Active management is a “negative-sum” game and the asset management industry is investing too much money and effort in it, argues Towers Watson.

Speaking at the Towers Watson Ideas Exchange in Melbourne last week, global head of the Thinking Ahead Group Tim Hodgson conceded that a limited amount of active management can be “incredibly useful for society”.

“Partly it’s about the raw, red-blooded competition that sets prices and makes them efficient,” Mr Hodgson said.

“My problem with these active managers is that it turns out that they are providing closet index tracking but charging an active fee,” he said. “So they are destroying value as far as society is concerned."

Active management is a ‘tragedy of the commons’ activity, he said.

“It is perfectly rational for a single investor to hire an expert to make sure that they don’t own ‘less good’-quality assets,” Mr Hogdson said, “but if word gets out, other investors are going to hire their own people to ensure that they’re not left holding the less-good assets.”

The end result is an escalating ‘arms race’ that leaves exactly the same set of assets in the investable universe, Mr Hodgson said.

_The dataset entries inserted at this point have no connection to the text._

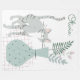 Pretty drawing of a grey kitty cat standing next to a beautiful vase of flowers and plants in teal, personalised with your name.
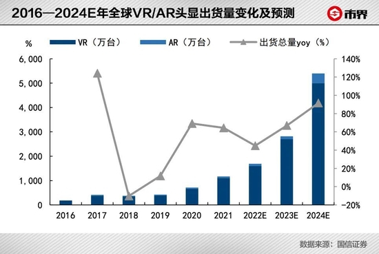 10月28日,五部门联合发布关于虚拟现实产业发展的通知,当中提及,到2026年,我国虚拟现实产业总体规模超过3500亿元,虚拟现实终端销量超过2500万台。
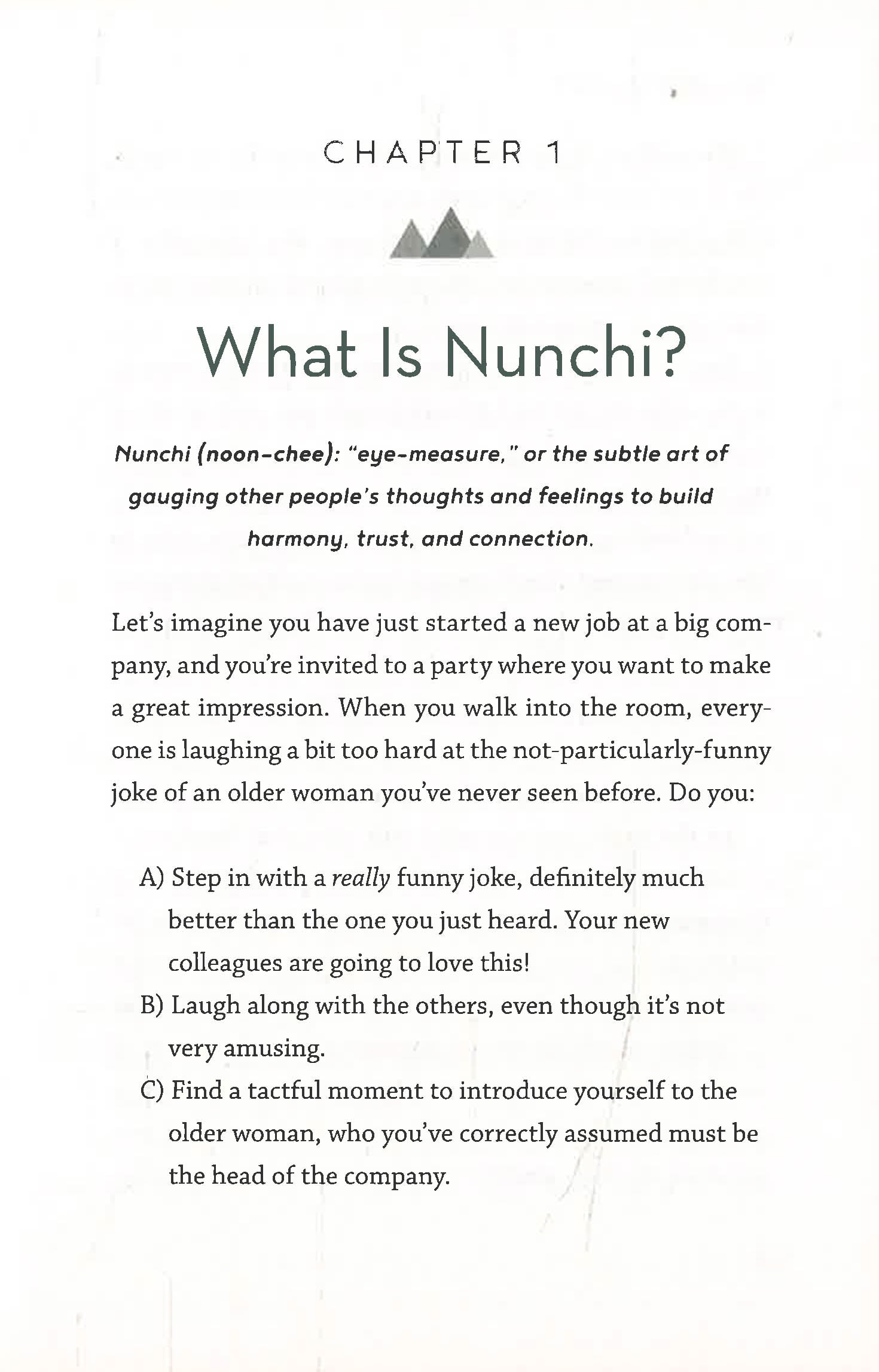 Have you ever wondered why your less-skilled coworker gets promoted before you, or why that one woman from your yoga class is always surrounded by adoring friends? They probably have great nunchi. The art of reading a room and understanding what others are thinking and feeling, nunchi is a form of emotional intelligence that anyone can learn--all you need are your eyes and ears. Sherlock Holmes has great nunchi. Cats have great nunchi. Steve Jobs had great nunchi. With its focus on observing others rather than asserting yourself--it's not all about you!--nunchi is a refreshing antidote to our culture of self-promotion, and a welcome reminder to look up from your cell phone.

“[The same assets] are still owned by the investors, but now we have a big layer of expensive intermediaries to pay, and therefore we should have less alpha-seeking than we do at present.”

Up to 70 per cent of assets could be managed via an index tracker without sacrificing the market efficiency active management provides, he argued.

“Is 70 per cent in passive the right number? I don’t know. It is my educated guess.

“But with 30 per cent of the assets being aggressively competed over, we’re probably close enough to efficient prices,” Mr Hodgson said.

The Thinking Ahead Group recently conducted a survey that included the statement “Too much effort is spent hunting for alpha” – and only 17 per cent of asset managers agreed with it, he said.

Mr Hodgson said he was, however, encouraged that there is a ‘core’ of people in the industry that realise “alpha is a negative-sum game and maybe we’re spending too much effort on it”.